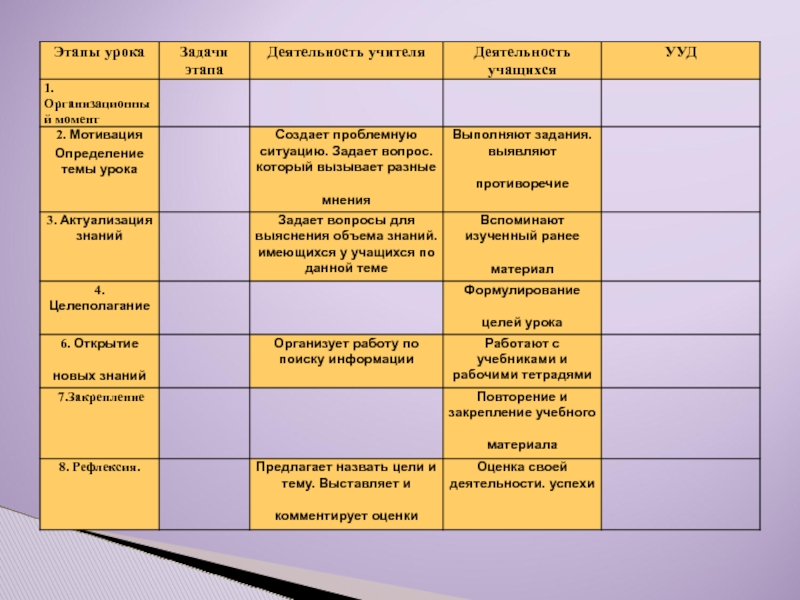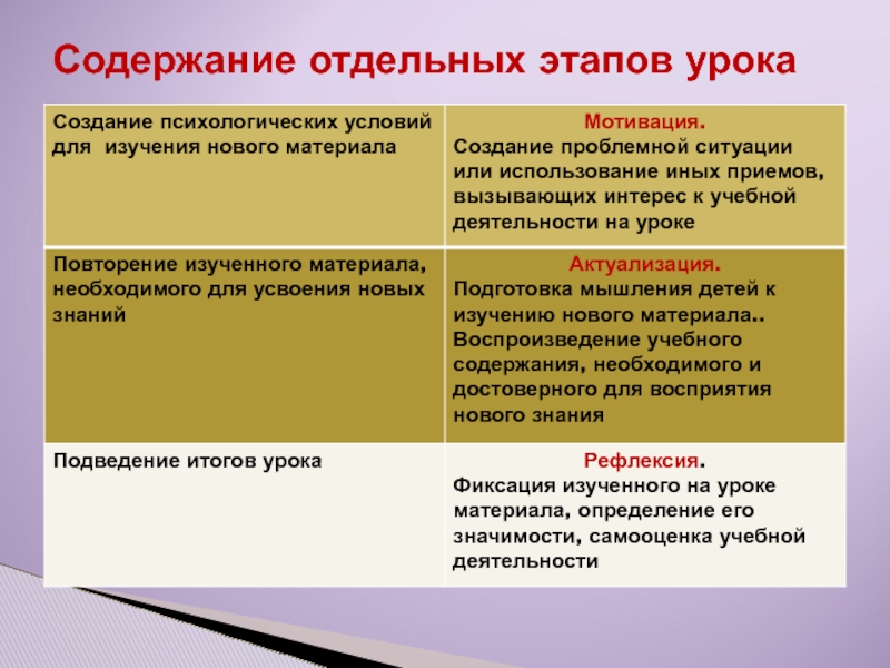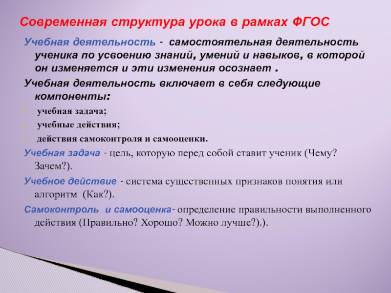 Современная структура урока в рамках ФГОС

+--

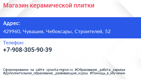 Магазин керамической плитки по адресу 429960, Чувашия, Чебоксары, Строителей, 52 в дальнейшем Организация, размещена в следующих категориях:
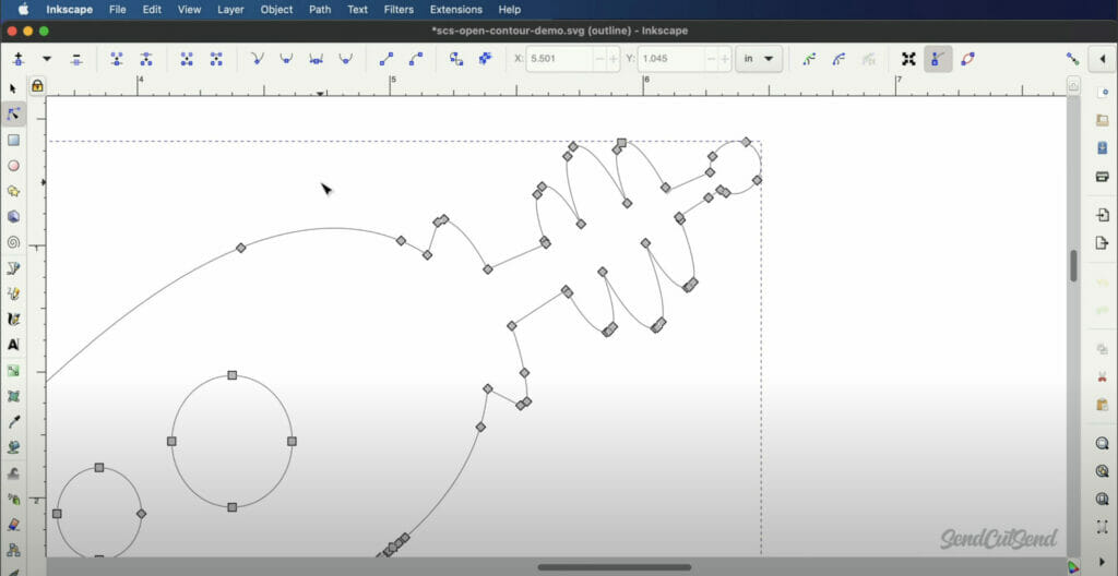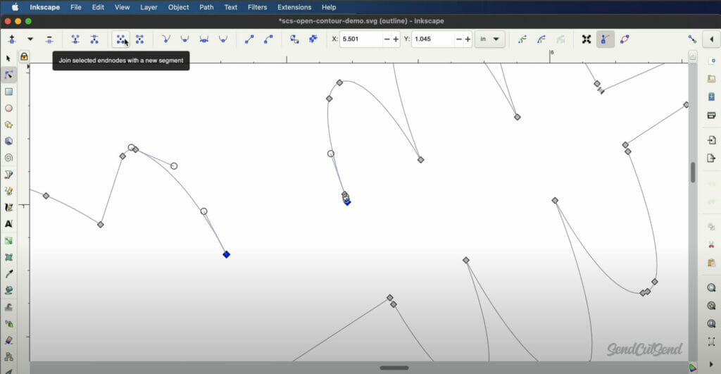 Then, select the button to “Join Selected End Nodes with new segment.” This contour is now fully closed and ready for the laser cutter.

+--

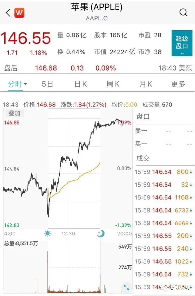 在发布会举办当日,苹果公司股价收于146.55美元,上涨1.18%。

+--

▶ GOAL OF THE EXERCISE
Each line from the one that contains "Магазин керамической плитки" down to the one that contains "Then, select the" is to be returned exactly as it stands above, both ends included, with pictures removed.

▶ EXERCISE SOLUTION
 Магазин керамической плитки по адресу 429960, Чувашия, Чебоксары, Строителей, 52 в дальнейшем Организация, размещена в следующих категориях:
 Then, select the button to “Join Selected End Nodes with new segment.” This contour is now fully closed and ready for the laser cutter.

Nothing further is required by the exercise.